For: The Institute of Contemporary and Emerging Worship Studies, St. Stephen’s University, Essentials Red Online Worship History Course with Dan Wilt

I had never thought of time or space as a soul language, so this has been an interesting lesson for me. I grew up in Ohio in a very unbelieving household, but as a child I remember loving nature. Nature is an amalgam of time and space: wandering in the red-leafed woods of autumn, watching snow fall in the light of streetlamps, smelling the lilac bushes burst in bloom, and biking out to the river in the heat of summer and skipping stones in the shallows; these are my favorite childhood memories, times when I was alone and at peace with the universe.

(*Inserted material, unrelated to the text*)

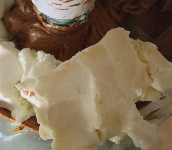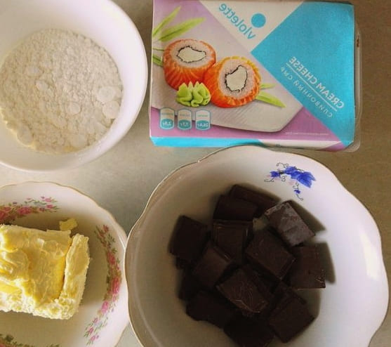 - We beginnen de bereiding van de crème met het bereiden van de ingrediënten. We halen de boter vooraf uit de koelkast en laten deze goed zacht worden. Integendeel, we koelen de roomkaas in de koelkast tot hij helemaal koud is. Breek de chocolade in kleine stukjes.
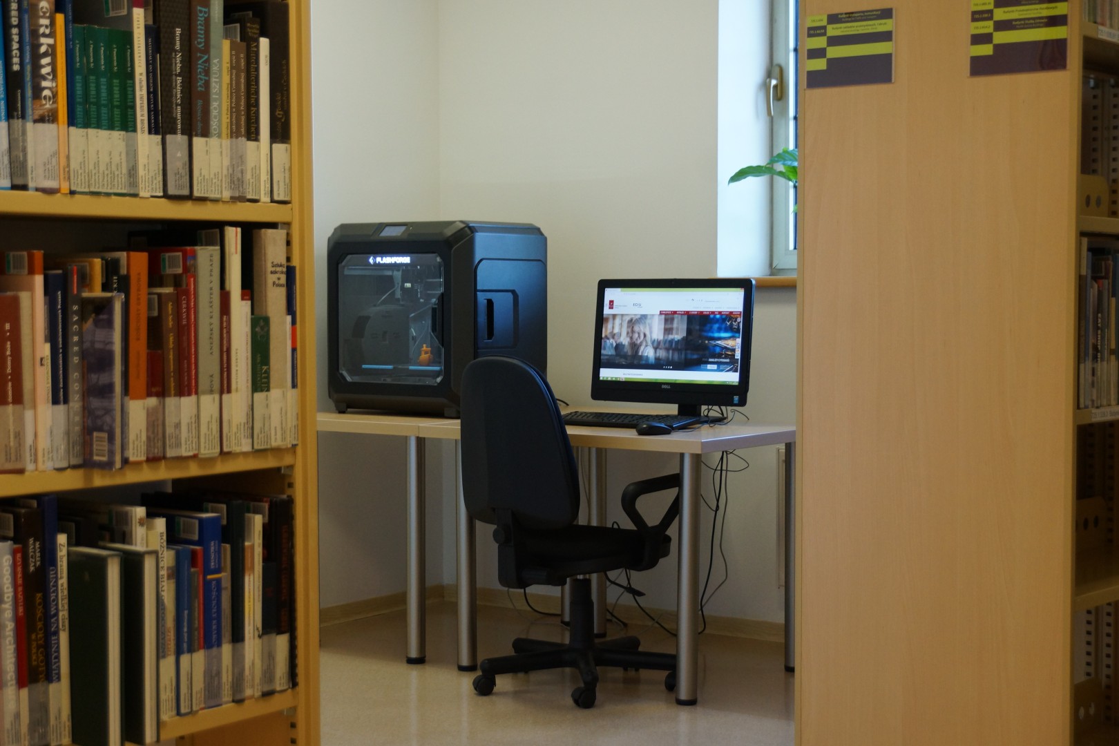 Czytelnicy mogą korzystać z komputerów z dostępem do Internetu, skanerów w formatach A4 i A3, kolorowej drukarki laserowej (A4 i A3), a także z nowoczesnej drukarki 3D Flashforge Creator 3 Pro.

I had a vague notion of God, so I wouldn’t have called such times “worship” – but I think they were, really.

We moved to Tucson when I was in high school, and my love of nature continued in the two seasons we have here: summer and hell (sorry – Tucson joke). Seriously, the grey and purple craggy mountains, the wide deep blue sky, the delicate greens and browns of the desert, all ministered to my soul. My favorite worship times are still out of doors, especially with a view of the mountains or the ocean. The mountains and the ocean give me that sense of the majesty of God that leads me to worship.

The churches I have attended since becoming a Christian 30 years ago have been very utilitarian spaces, and being a good Puritan, I thought that churches should be utilitarian, and that spending money on stained glass and worship spaces was wasteful and sort of idolatrous. Then I entered a cathedral for the first time, in England about four years ago.  The feeling of awe was incredible. So now I have mixed feelings. I think we should be extravagant in our worship, and perhaps my former attitude was like that of the disciples who chided Mary Magdalene for pouring the precious ointment over Jesus’ feet.